THE MATHUSHEK PIANOS recently invented by Mr. Frederick Mathushek (author of the principal improvements in pianos), differ from all Others in having the strings cross the frame in both directions. This equalizes the strain upon the frame, and insures greater durability and longer continuance in tune than can be had by any other method. The BRIDGE also, runs the whole length of the sounding-board, an entirely new feature, which gives greater power and better tone than is found in any other instruments.
The smallest size square, the Colibri, four feet nine inches long, seven octaves, equals in all respects the full size of other makers; while the full size, the ORCHESTRAL, is equal to any CONCERT GRAND.
FRANZ SCHLOTTER, the eminent pianist, says: "The COLIBRI I consider the chef d’oeuvre in the musical world, its tone is not equaled by the largest sized square or upright Pianos of any factory in this country."
H. MOLLENHAUER, of  the Conservatory of Music, says: “ I with great pleasure bear my unqualified testimony to the great superiority of the Mathushek Pianos over all others."
Many other testimonials equally strong have been freely given. Please call and examine, or send for Descriptive Circular to. BARLOW

Thursday, July 29, 2010

Guess who's back--/--/--Shady's back!

I have been away for a while.
I still have to get the new habit of blogging regularly. I have been working on the instrument, but not sitting down and recording it.

So, what have I done? (with pictures)


1)  I finally got my parts, so I reassembled the keyboard, with new felt punchings.


The keyboard still needs to be leveled, but before I do that, I have to deal with the broken key tops.  More of that later.

So, I put all the keys back, and reinstalled the Hammer Shank Rail, preparatory to reassembling the instrument, for a trial. Here is what it looked like before I put it back together.




 In the meantime, I have been working on my patio garden. Here are pictures:


   So, what I have to do now is make some key decisions about the keytops. (See what I did there?

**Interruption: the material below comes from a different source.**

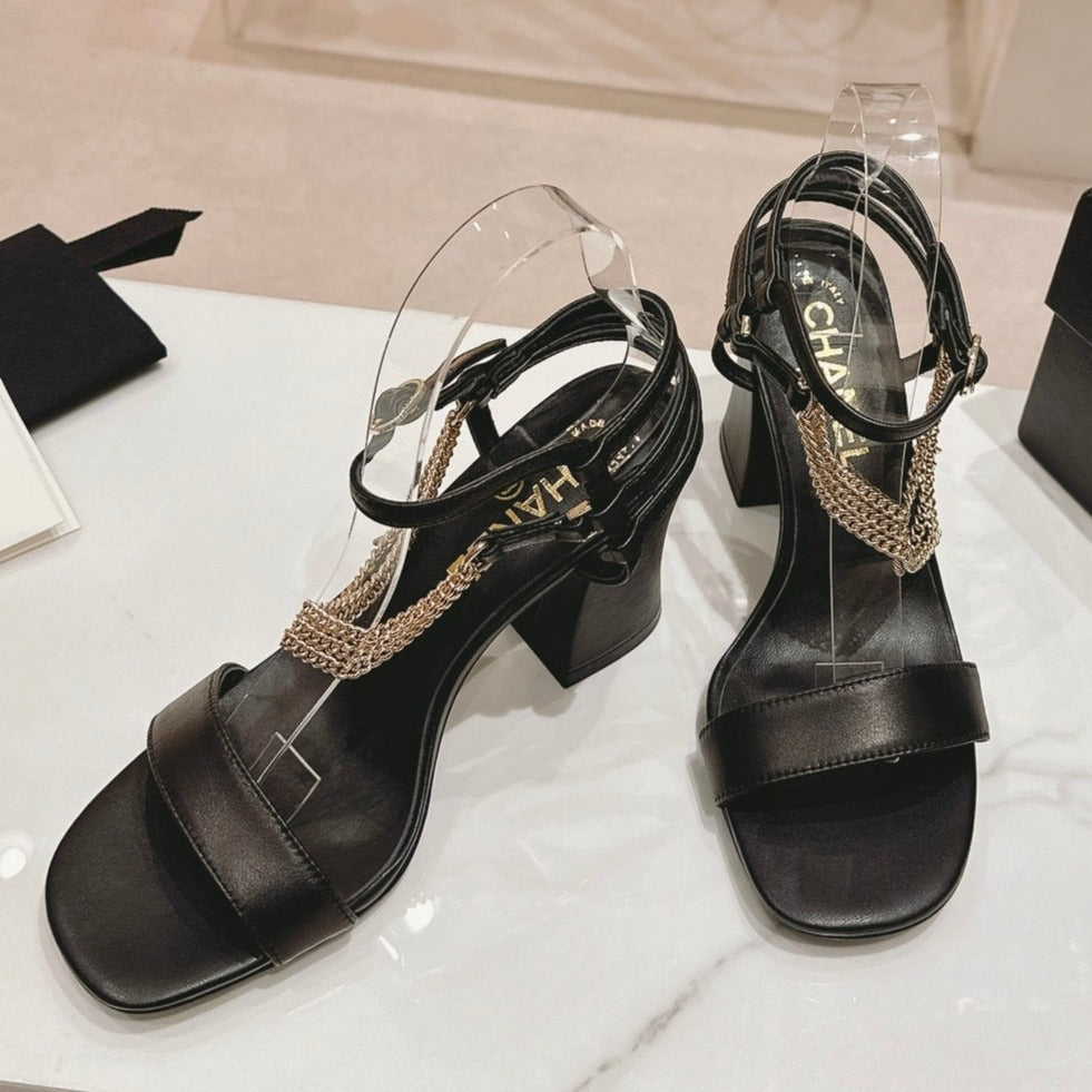 CC Little Camellia World Thin High Heels Gold Lambskin

That's cause I am a writer!) I ordered so far, 14 ivories from International Piano Supply, at $4 a pop. Half of them are too white. I am going to write and see if I can send them back for some yellower ones. I am also considering swapping some of the extreme high and low keys, for the missing keys in the center of the keyboard, and then putting the replacements on the ends of the keyboard. Unfortunately, on this instrument almost half the white keys could use replacing. Certainly no fewer than 21 of the 55 white keys are visibly broken on the edges. There are two I could overlook, and three I have filed the small chips smooth, but maybe I should just put a set of plastic keytops on for the visual beauty. Ivory is nice if it is uniform, but that may be a problem. I dont know yet.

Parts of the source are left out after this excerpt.